Sajid Javid, 48, is a former managing director at Deutsche Bank, working for the German giant in Singapore. He was previously housing, communities and local government secretary. In his earlier career, under former Prime Minister David Cameron, he assisted with budgetary matters at the Treasury and is considered a small government, pro-business conservative.

Javid, whose parents immigrated to the UK from Pakistan, became one of the first prominent Conservatives to speak out critically on the "Windrush scandal," telling the Sunday Telegraph newspaper: "That could be me." He acknowledges his Muslim heritage, but says he is non-practicing.

He is the first minority politician to hold the office, considered one of the toughest in British politics.

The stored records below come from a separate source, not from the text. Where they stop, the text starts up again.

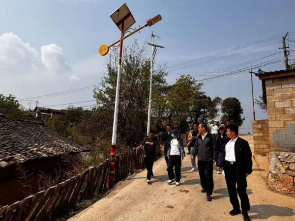 座谈会后,在村党总支书记、村委会主任李双江的介绍下,何士林一行实地考察了村容村貌,参观了由公司捐建的党建联建宣传阵地、“亮灯工程”路段等,了解出水寨村近年来脱贫攻坚的成果及乡村振兴的进展情况。
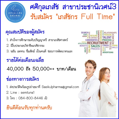 1. ส่งประวัติพร้อมรูปถ่ายมาที่ Sasikulpharma@gmail.com
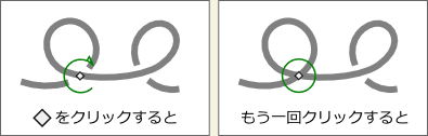 [スイッチャー]は1つのパスに1つだけしか表示されません。別の交点を編集したい時は、中央のひし形をつかんで任意の交点へドラッグします。
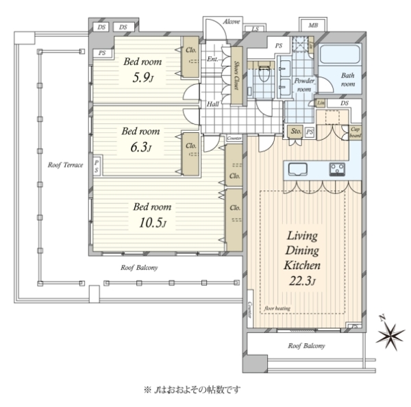 ・ワイドスパンのバルコニーからセンターガーデンを見下ろす眺望・木彫の柔らかさと重厚感ある玄関・ハンズフリーキーシステム対応・タイル仕様のリビングダイニング・開放的なオープンキッチン採用、ディスポーザー・(Miele社製)IHクッキングヒーター、食器洗浄機、電子コンベック・利便性の良いバトラースペース・専有面積/109.72平米(約33.19坪)、トランクルーム面積/0.7平米(約0.21坪)含む
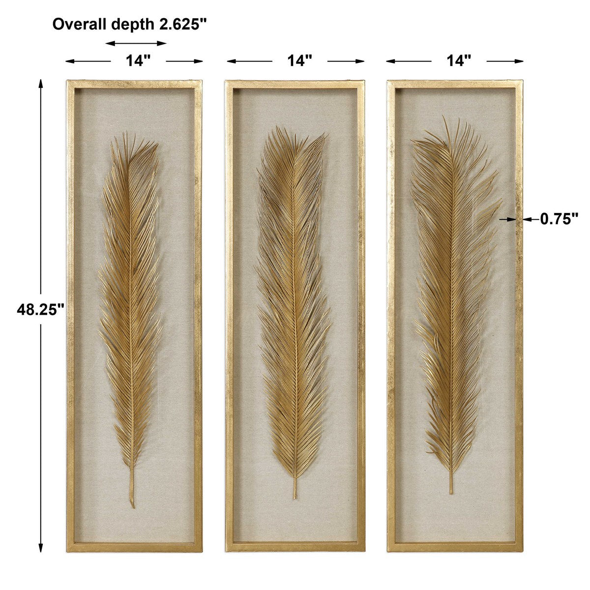The set of 3 Palma Wall Art features gold finished Sago palm leaf replicas, set on a neutral linen background with hand applied gold leaf shadow box frames. Provides an organic, chic focus. Priced and sold as a set of 3.
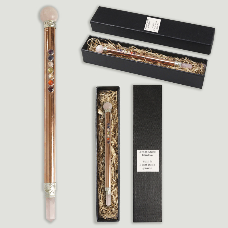 Baguette de chakra. Boule et pointe. Quartz rose.
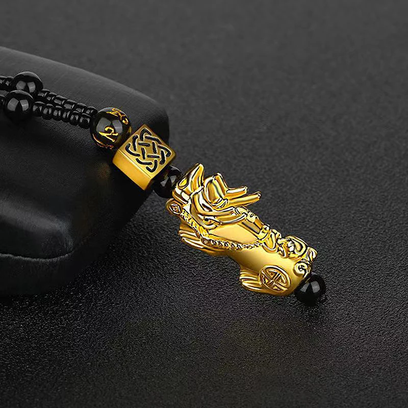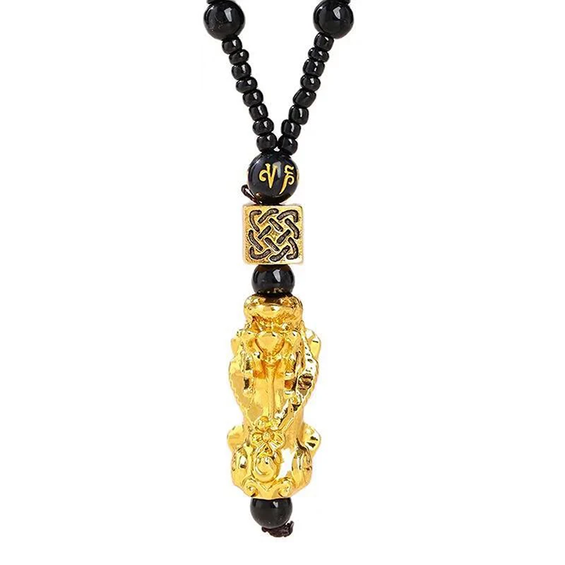 Ожерелье с подвеской Obsidian Pixiu, имитация 24-каратного золота, ...
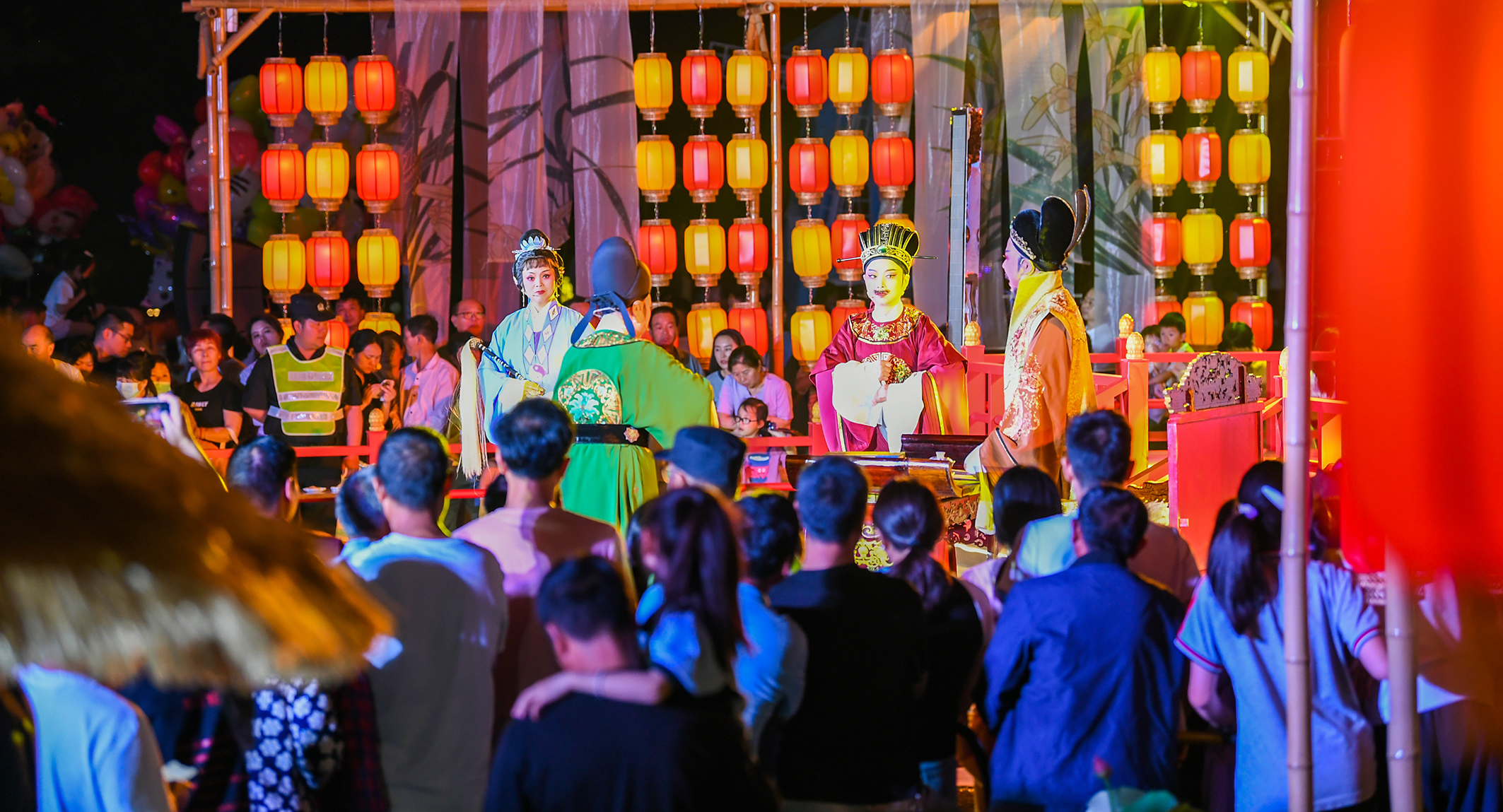 夜幕降临,苕溪锦带夜色璀璨,柔和美丽。国风汉服达人爱好者组成的巡游方阵是苕溪两岸一道靓丽的风景线,更彰显了吴越文化在新时代的传播活力。苕溪公园内,一场以“钱王夜宴”和“吴越味道”为主题的美食市集给广大市民带来了美食盛宴。此外,公园内一个高达3.5米的耕植图造景装置吸引了不少市民前来打开拍照,感受临安千百年的耕织文化。
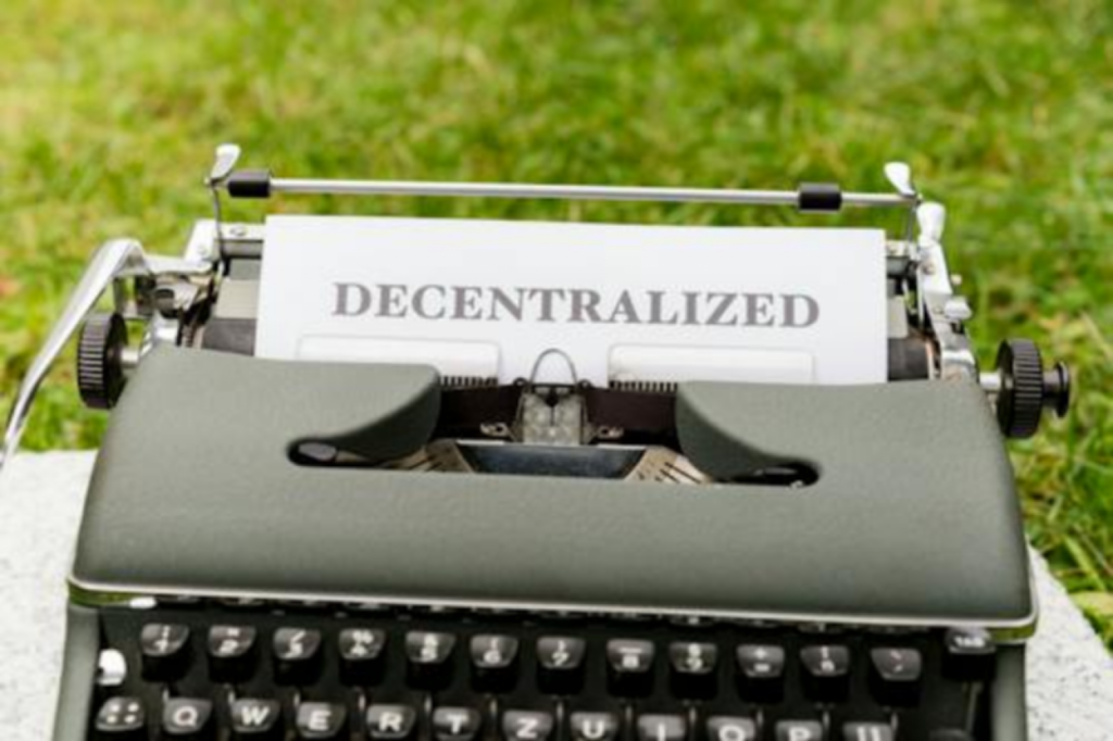 Alt-text: Paper attached to typewriter reading Decentralized
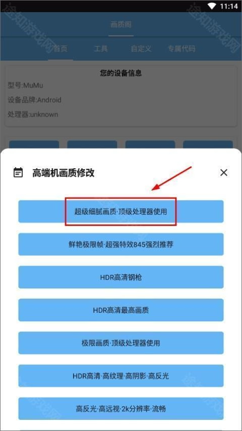 打开软件后,界面会呈现如图所示的状态,用户能够依据自己手机的配置情况来做出选择,例如高端机型。
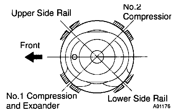 c. Position the piston rings so that the ring ends are as shown.
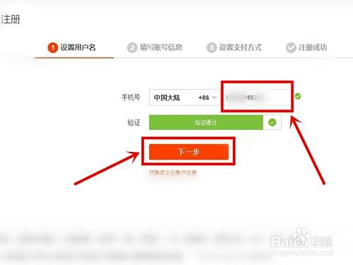 4.输入手机号码,用鼠标左键,按住滑块拖到最右边完成【验证通过】选择【下一步】。
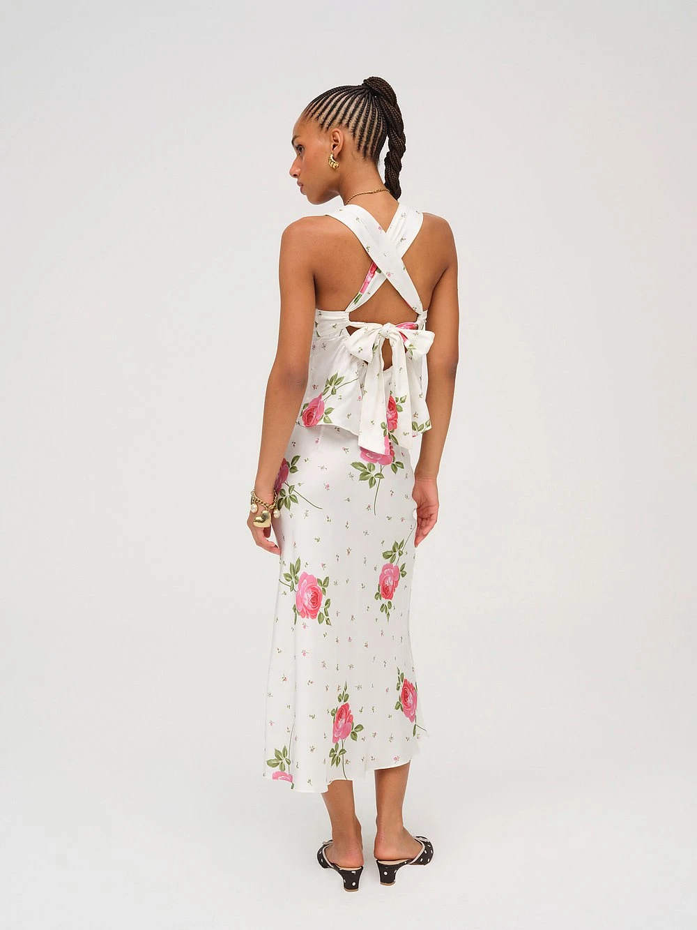 Adorned with a sweet allover floral print — exuding all things feminine. This floral Midi skirt sits at low waist, and is bias cut for a flattering fit.
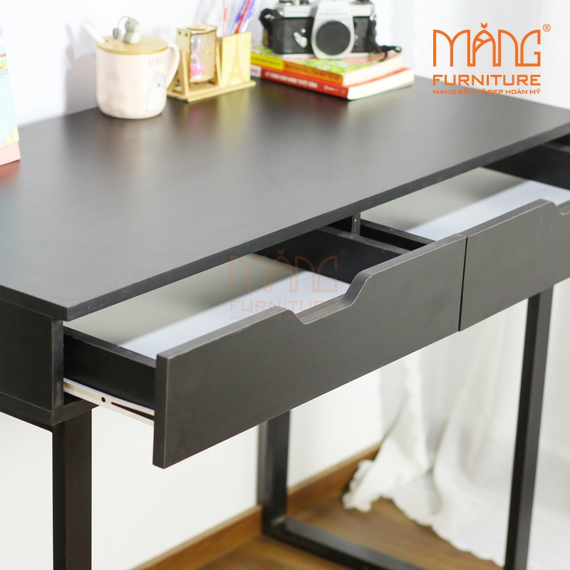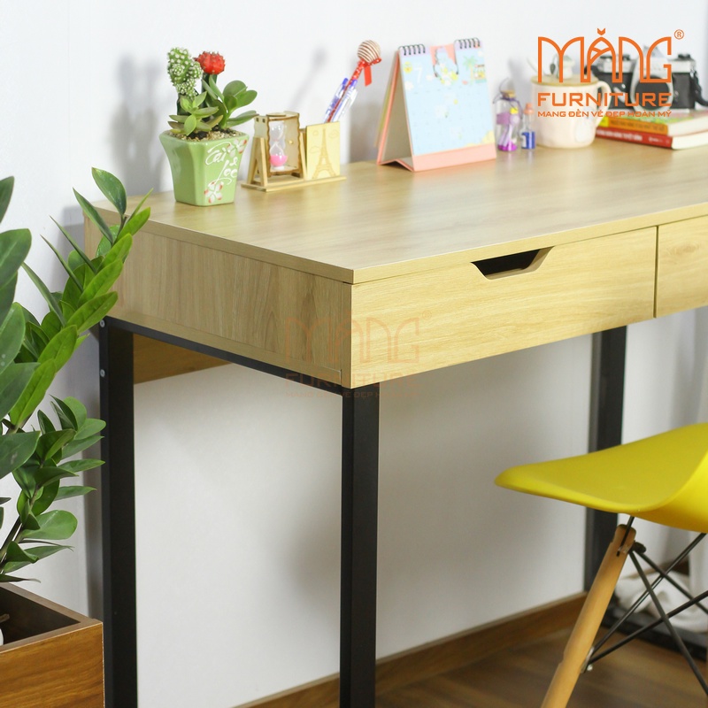 Là chiếc bàn có kèo theo 2 học kéo bên dưới mặt bàn, rất tiện dụng cho các bạn bỏ các vật dụng, đồ dùng cá nhân vào bên trong. Mẫu thiết kế tay nắm hiện đại gọn gàng được khuyết ngay trên mặt hộc kéo, tạo nên điểm nhấn cho chiếc bàn thêm sang trọng và mới lạ. Phần chân bàn được có phần bạ giằng ngang bên dưới giúp bàn không rung lắc khi sử dụng.
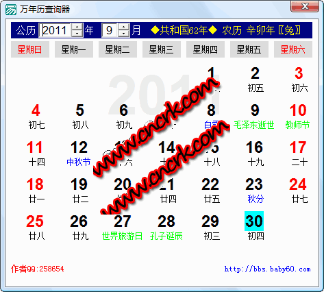 万年历查询器是一款符合国人习惯的万年历查询工具,该软件不但能方便查询节假日、黄道吉日、宜忌,还能精确的推算日期,帮您在出行、结婚时提前安排时间,而且方便易用,傻瓜式操作,是最具权威的在线万年历查询器。

Javid is known for his outright manner and after his appointment was praised on Twitter by fellow Conservative Liz Truss, chief secretary to the Treasury, as "effective, no-nonsense and brave."

Immigration scandal

  • Amber Rudd stepped down on Sunday amid outrage over Britain's treatment of the Caribbean immigrants — the so-called "Windrush generation" — who were brought to the UK to help it rebuild after the devastation of World War II
  • Her resignation came only hours after she had vowed to stay in her job
  • In a resignation letter, she said she had "inadvertently misled" parliament
  • The resignation is a blow to British Prime Minister Theresa May as her government remains embroiled in a last year of negotiations before Britain leaves the European Union in March 2019
  • Amber Rudd
    Rudd has just said she wanted to stay on when she resignedImage: picture-alliance/empics/D. Lipinski

Change in Cabinet balance: Javid was long an outspoken critic of the EU and particularly the euro, which he described as a "bankruptcy machine." However, shortly before the June 2016 Brexit referendum, he came out in opposition to leaving the bloc. He has since taken the government's line of "making a success" of Brexit, but he is liable to be a less passionate voice in support of the bloc than Rudd was within a Cabinet intentionally split along European lines.

Change in backbench balance: Rudd's relegation to the backbenches could conceivably bolster the ranks of the pro-Europe rebels in the governing party. A small but significant chunk of Tories have been refusing to back May's government on key votes, with the prime minister already lacking a majority in the House of Commons. The most outspoken pro-EU rebel, Anna Soubry, on Sunday praised Rudd's "great courage" when lamenting her departure.